[Records from a data collection]
※ ※ ※

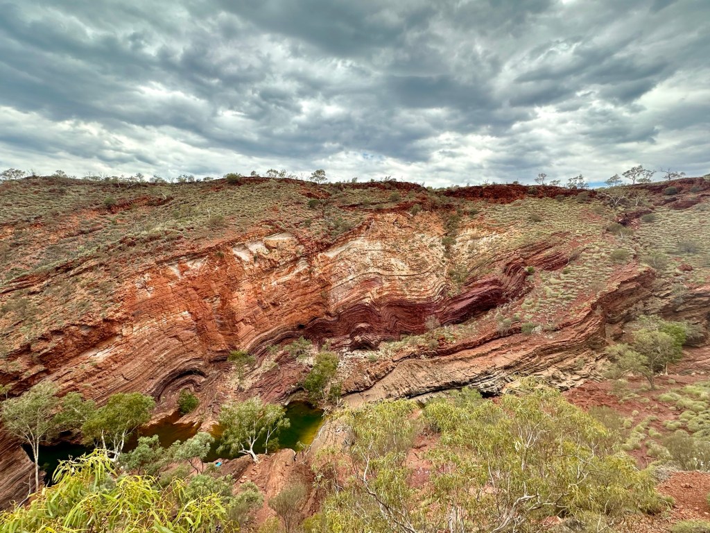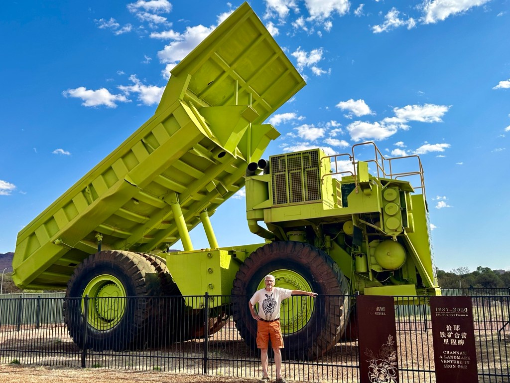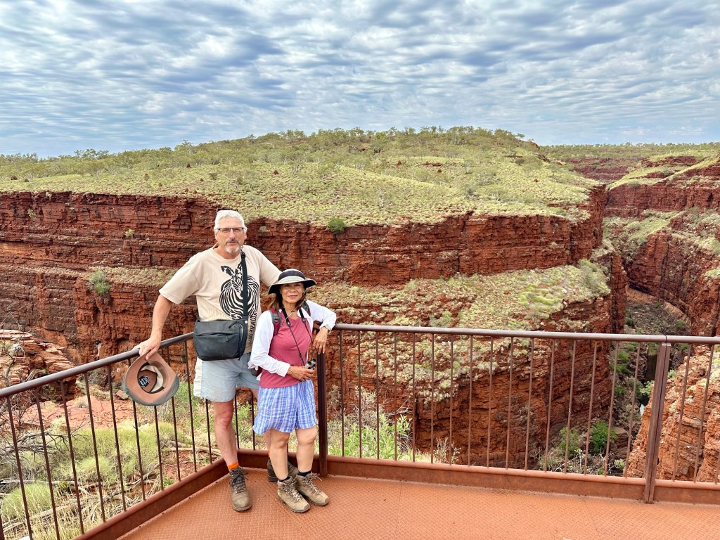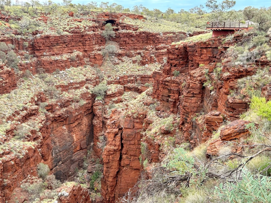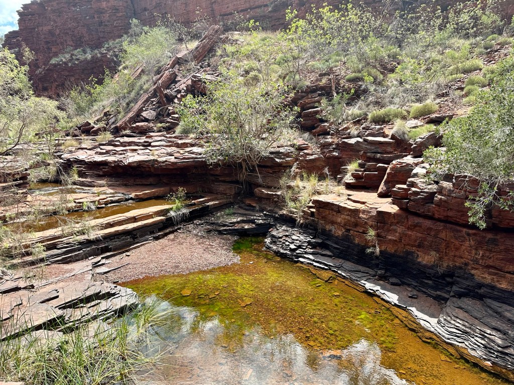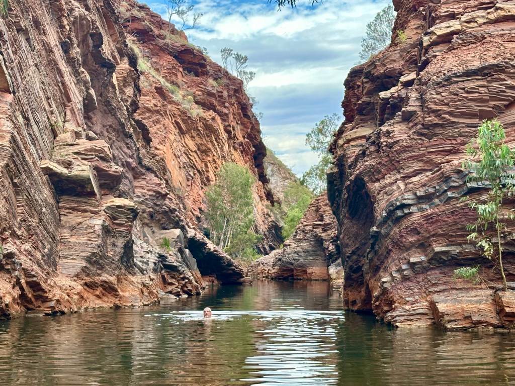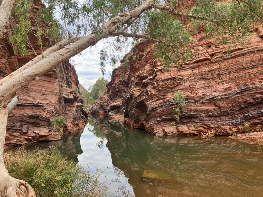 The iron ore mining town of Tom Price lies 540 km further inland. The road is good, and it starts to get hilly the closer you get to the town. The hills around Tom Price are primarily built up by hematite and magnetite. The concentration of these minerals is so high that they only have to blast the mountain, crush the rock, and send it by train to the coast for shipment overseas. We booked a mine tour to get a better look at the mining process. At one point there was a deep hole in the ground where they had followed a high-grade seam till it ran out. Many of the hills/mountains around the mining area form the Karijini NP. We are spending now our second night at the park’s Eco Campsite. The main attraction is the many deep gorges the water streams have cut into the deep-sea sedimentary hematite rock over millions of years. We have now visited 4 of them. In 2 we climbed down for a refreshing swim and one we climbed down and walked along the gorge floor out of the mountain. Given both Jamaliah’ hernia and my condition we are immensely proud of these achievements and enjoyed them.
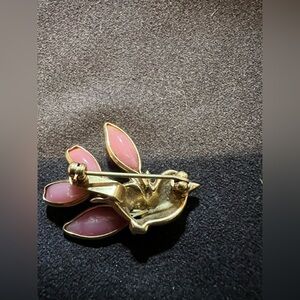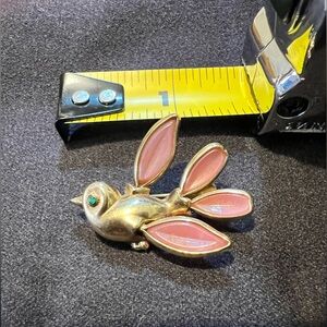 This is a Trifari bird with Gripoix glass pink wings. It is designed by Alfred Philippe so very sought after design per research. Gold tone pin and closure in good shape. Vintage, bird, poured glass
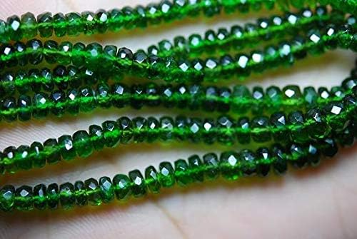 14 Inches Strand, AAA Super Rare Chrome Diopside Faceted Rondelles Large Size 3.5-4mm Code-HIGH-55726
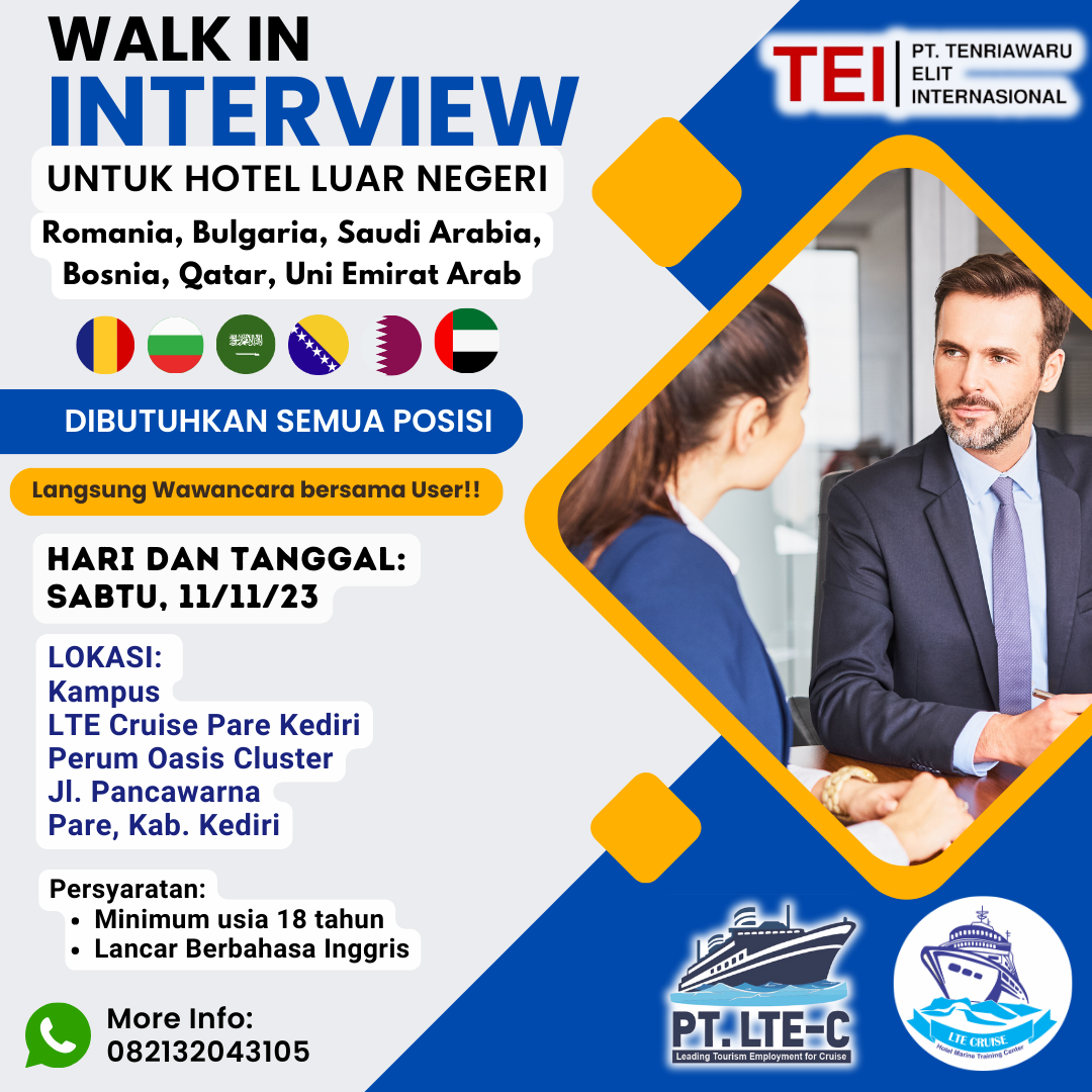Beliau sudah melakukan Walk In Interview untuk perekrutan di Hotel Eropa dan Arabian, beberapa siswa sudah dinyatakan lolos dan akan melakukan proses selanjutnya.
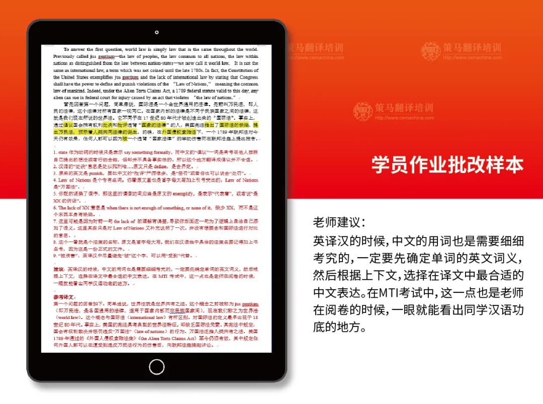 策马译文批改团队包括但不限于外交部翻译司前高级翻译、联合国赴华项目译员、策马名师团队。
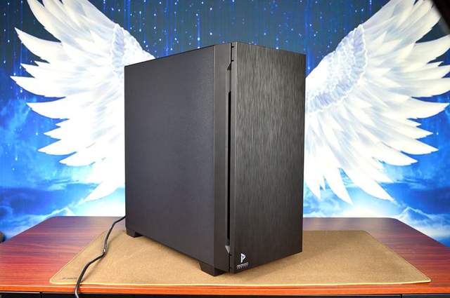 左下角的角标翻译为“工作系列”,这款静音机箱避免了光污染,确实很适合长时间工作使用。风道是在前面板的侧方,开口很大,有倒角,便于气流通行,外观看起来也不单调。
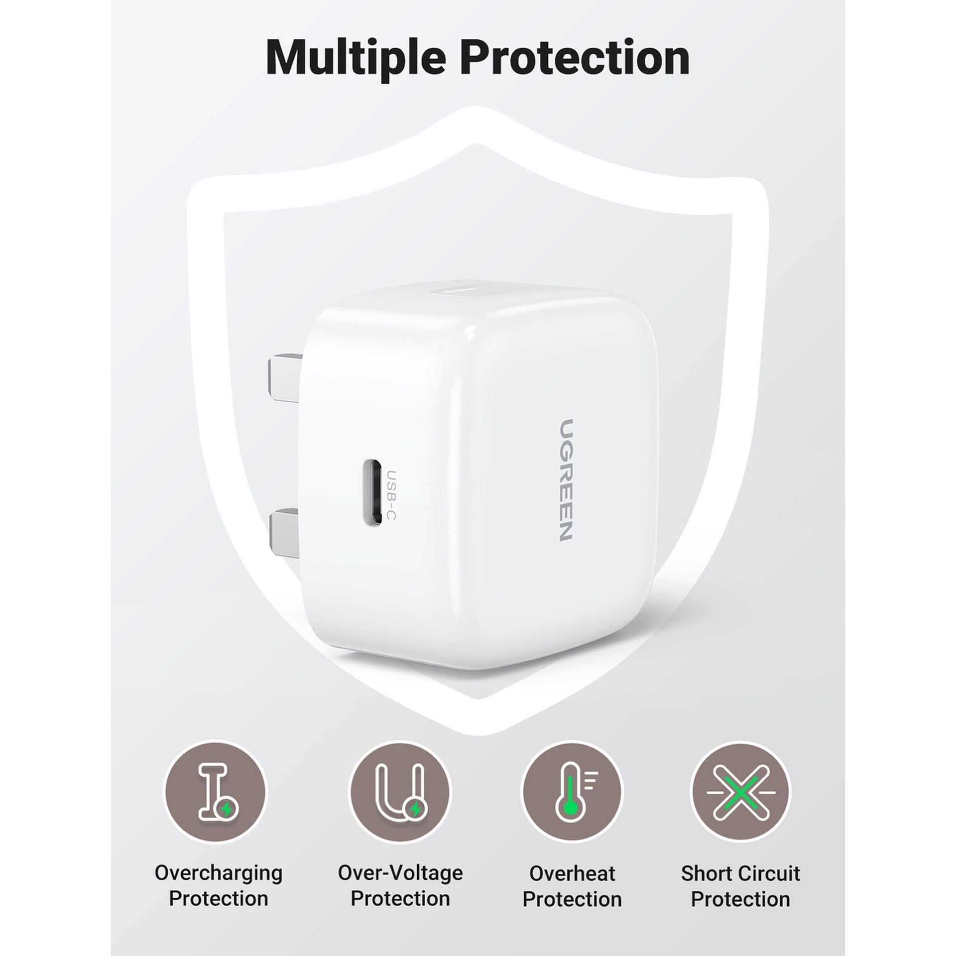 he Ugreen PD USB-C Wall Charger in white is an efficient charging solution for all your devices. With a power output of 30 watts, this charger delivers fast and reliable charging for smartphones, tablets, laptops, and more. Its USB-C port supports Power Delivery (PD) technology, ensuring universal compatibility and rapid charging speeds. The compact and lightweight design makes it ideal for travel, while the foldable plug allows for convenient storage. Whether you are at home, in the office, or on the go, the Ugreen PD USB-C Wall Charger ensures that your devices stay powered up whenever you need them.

※ ※ ※

**WHAT YOU SHOULD DO**
Word for word, repeat all of the entries above, leaving out the pictures.

**ANSWER**
 The iron ore mining town of Tom Price lies 540 km further inland. The road is good, and it starts to get hilly the closer you get to the town. The hills around Tom Price are primarily built up by hematite and magnetite. The concentration of these minerals is so high that they only have to blast the mountain, crush the rock, and send it by train to the coast for shipment overseas. We booked a mine tour to get a better look at the mining process. At one point there was a deep hole in the ground where they had followed a high-grade seam till it ran out. Many of the hills/mountains around the mining area form the Karijini NP. We are spending now our second night at the park’s Eco Campsite. The main attraction is the many deep gorges the water streams have cut into the deep-sea sedimentary hematite rock over millions of years. We have now visited 4 of them. In 2 we climbed down for a refreshing swim and one we climbed down and walked along the gorge floor out of the mountain. Given both Jamaliah’ hernia and my condition we are immensely proud of these achievements and enjoyed them.
 This is a Trifari bird with Gripoix glass pink wings. It is designed by Alfred Philippe so very sought after design per research. Gold tone pin and closure in good shape. Vintage, bird, poured glass
 14 Inches Strand, AAA Super Rare Chrome Diopside Faceted Rondelles Large Size 3.5-4mm Code-HIGH-55726
Beliau sudah melakukan Walk In Interview untuk perekrutan di Hotel Eropa dan Arabian, beberapa siswa sudah dinyatakan lolos dan akan melakukan proses selanjutnya.
 策马译文批改团队包括但不限于外交部翻译司前高级翻译、联合国赴华项目译员、策马名师团队。
 左下角的角标翻译为“工作系列”,这款静音机箱避免了光污染,确实很适合长时间工作使用。风道是在前面板的侧方,开口很大,有倒角,便于气流通行,外观看起来也不单调。
 he Ugreen PD USB-C Wall Charger in white is an efficient charging solution for all your devices. With a power output of 30 watts, this charger delivers fast and reliable charging for smartphones, tablets, laptops, and more. Its USB-C port supports Power Delivery (PD) technology, ensuring universal compatibility and rapid charging speeds. The compact and lightweight design makes it ideal for travel, while the foldable plug allows for convenient storage. Whether you are at home, in the office, or on the go, the Ugreen PD USB-C Wall Charger ensures that your devices stay powered up whenever you need them.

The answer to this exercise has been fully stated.